Beauty and harmony are paramount in Islamic art. These qualities are also integral to the photographs, videos and films of Shirin Neshat. Born in Iran in 1957, the New York-based artist engages the Persian aesthetic and cultural traditions of her homeland to explore the ever-changing present of Iran. Her ravishing images show women crossing boundaries and asserting power despite Islamic norms that constrict their freedom.

A rifle barrel protrudes like an earring alongside the face of a young woman in an image from Neshat’s 1996 series, “Women of Allah,” in the show “She Who Tells a Story: Women Photographers from Iran and the Arab World,” on view through Jan. 12 at the Museum of Fine Arts Boston.

Nearby is a still photograph from Neshat’s video installation “Turbulent” (1998), which won the top prize at the 1999 Venice Biennale. The viewer stands between two short films that play on opposite walls. On one screen, a male sings a poem by the 13th century mystic Rumi to an audience of men. He then turns to face the opposite screen, where a woman in a chador launches a raw, incantatory vocal improvisation in an empty hall. As the man watches his veiled counterpart, his face becomes a study in awe.

Although under Islamic rule, female singers cannot record or perform in public, in Neshat’s installation, the man and woman are equals.

In art and life, Neshat migrates between two worlds. In 1974, at age 17, she left Iran to attend college in the U.S. Five years later, the 1979 revolution transformed her formerly secular country into an Islamic republic and she remained here. Neshat returned to Iran in 1990, a journey that inspired her to render the experience of contemporary Iranian women under Islamic rule. Since 1996, Iran’s government has not allowed her to enter the country, regarding her works as challenging Islamic norms.

Neshat has become an international art star whose works are in the collections of major museums throughout the world. In 2013 alone, she has had solo exhibitions in Madrid, Istanbul and Beijing along with a mid-career retrospective at the Detroit Institute of Arts.

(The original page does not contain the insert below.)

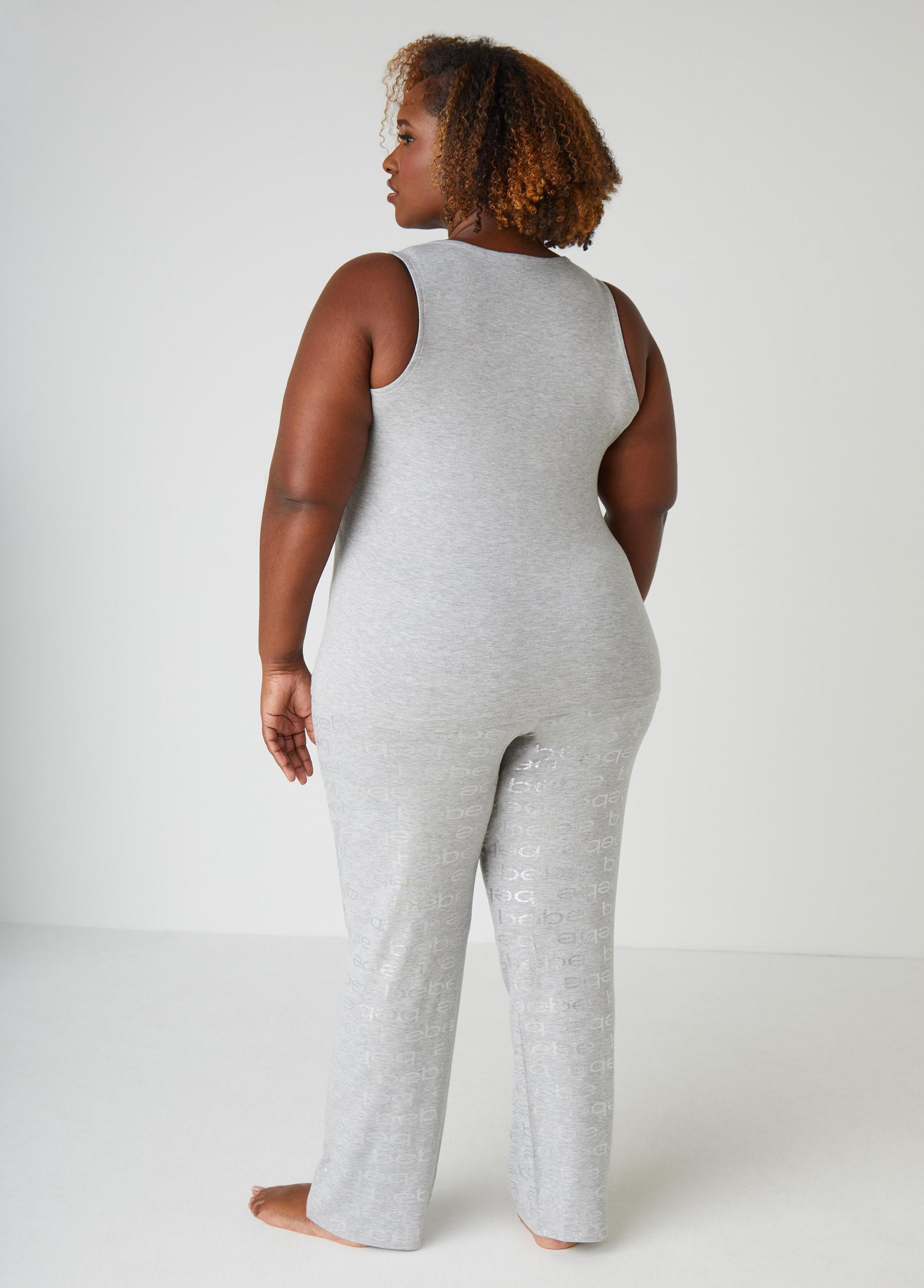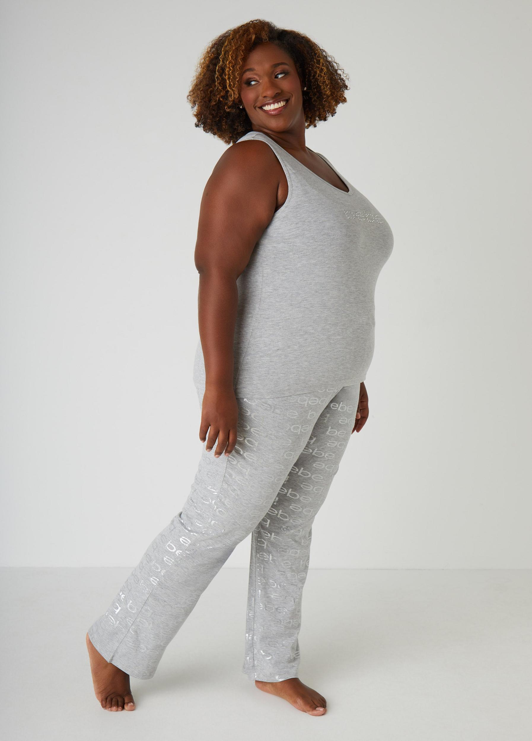 A sea of Bebe's renowned logo cascades down the pants of this pajama set matched with a crystal-dripped camisole that is a little sexy, a little cute and a lot of comfy.

Visiting the MFA to give two sold-out lectures in between teaching engagements at the Yale School of Art and the London Film School, Neshat embodies the minimalist beauty found in her art. A slender woman with kohl-lined eyes and black hair knotted away from her face, she wears a black dress and an intricate silver necklace. Talking over coffee at a museum café, she is warm and unassuming, and speaks with conviction in a soft voice.

When creating films, videos and photographs, Neshat directs the filming but does not work the cameras. “I am a western conceptual western artist,” says Neshat, who considers herself an heir to the century-old trend in art famously proclaimed by Marcel Duchamp, who argued that an artist’s idea matters more than the resulting object.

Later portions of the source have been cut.